Apocynin-treated water was prepared following Engelhardt's protocol, method A (Harraz et al., 2008). Apocynin was added to warm sterile water, about 60°C, at a concentration of 1mg/ml, 2 mg/ml or 5 mg/ml and stirred. Treatment water was allowed to cool to room temperature before administered to mice. When indicated, apocynin was alternately prepared, method B, by its addition to sterile water and heated to 60°C while stirred, then cooled to room temperature. A concentration of 1 mg/ml translates to a dose of about 150 mg/kg/day, 2 mg/ml about 300 mg/kg/day and 5 mg/ml about 750 mg/kg/day based on an average ALS mouse, weighing between 25-30 grams, consumes on average 4 ml water/day (Bachmanov et al., 2002). Treatment was administered at 21 or 100 days of age to littermate matched control ALS mice.

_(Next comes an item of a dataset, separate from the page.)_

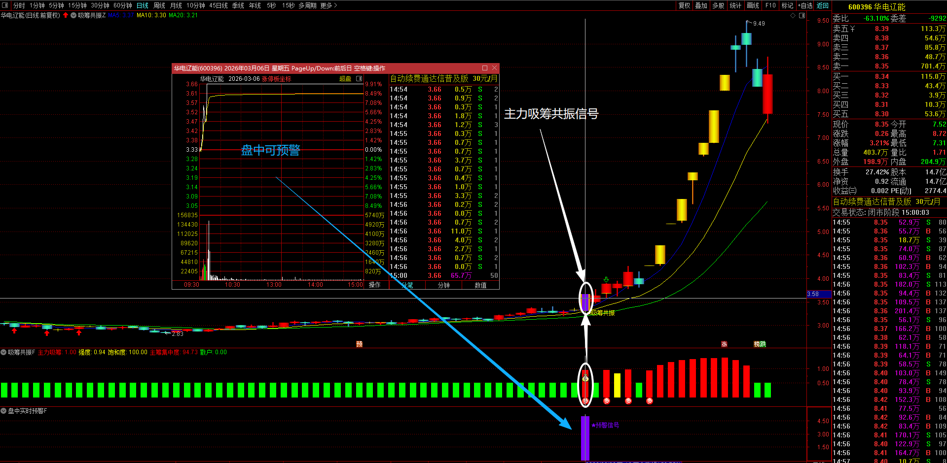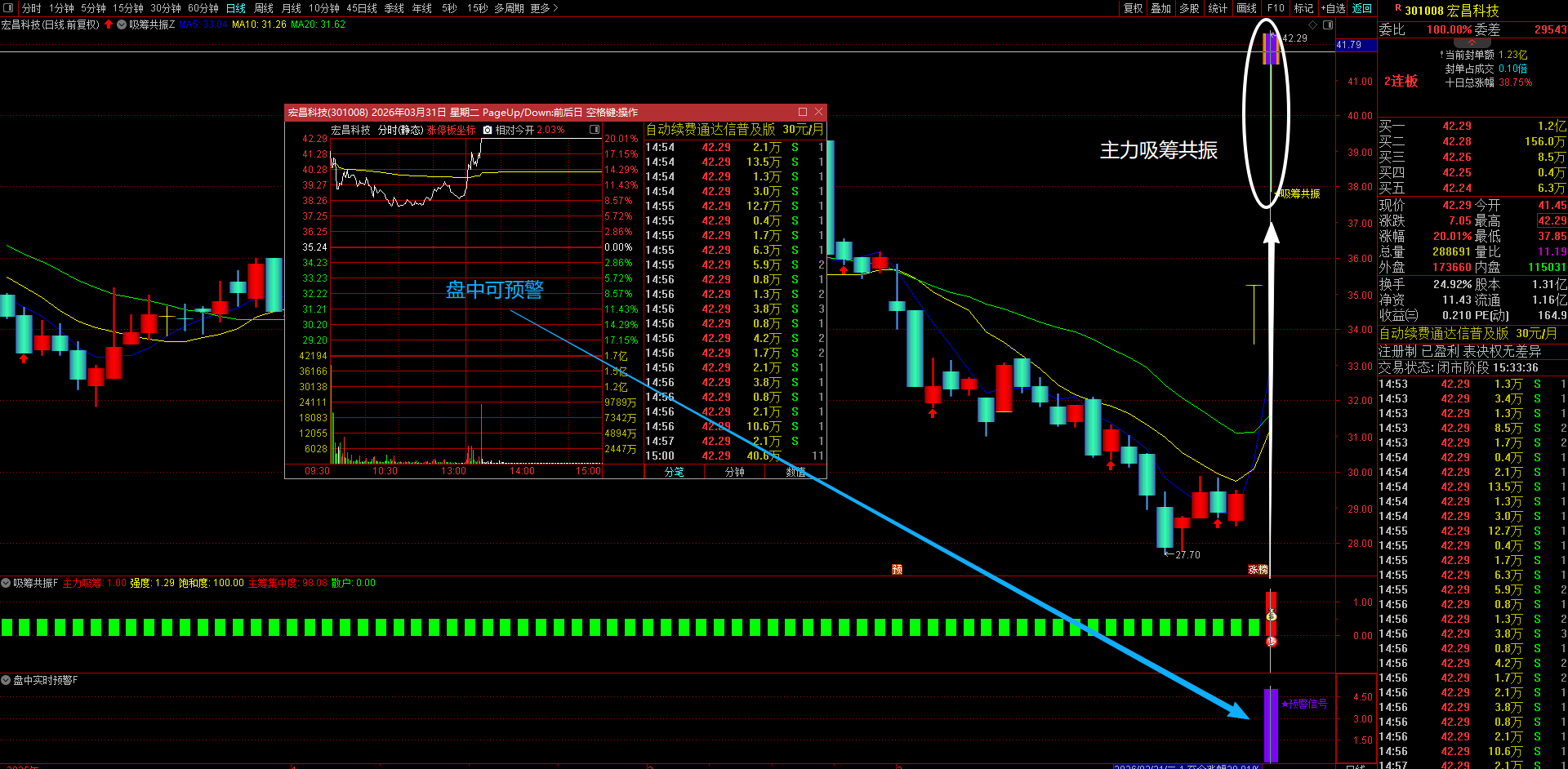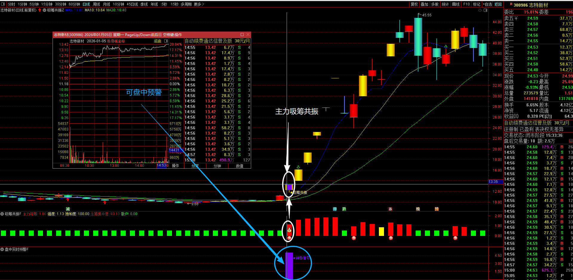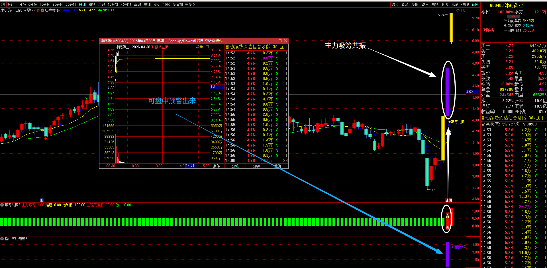 通达信【分时操盘套装指标】(分时操盘主图指标,分时量堆幅图+选股预警指标)

Apocynin-antibiotic treatment was prepared by adding 0.1 mg/ml gentamycin and 0.1 mg/ml ceftazidime to the cooled apocynin treatment water. For this treatment group of mice, animals were switched from regular apocynin water to apocynin-antibiotic water at 100 days of age. The same concentration of antibiotics were added to sterile water and administered at 100 days of age to the littermate matched control mice for this group.

Diapocynin requires dilute buffering to dissolve in water therefore at a concentration of 1 mg/ml diapocynin was added to sterile water and dissolved by increasing to pH ∼10 with 1M NaOH. Once fully dissolved, 1M HCl was added to the solution until pH 7.6-7.8, for a concentration of 10 mM saline in the diapocynin treatment. Control treatment for littermate matched mice was prepared by making a 10 mM saline solution with the same pH as diapocynin treatment. Diapocynin treatment, which translates to a dosage of 150 mg/kg/day, or saline treatment was administered at 21 days or 100 days of age to littermate matched control mice.

Vanillic acid treatment was prepared by adding 0.5 mg/ml or 1 mg/ml to sterile water and heated to 60°C. Once dissolved, it was allowed to cool to room temperature before administered to littermate matched control mice. A concentration of 0.5 mg/ml translates to a dosage of 75 mg/kg/day and 1 mg/ml to 150 mg/kg/day.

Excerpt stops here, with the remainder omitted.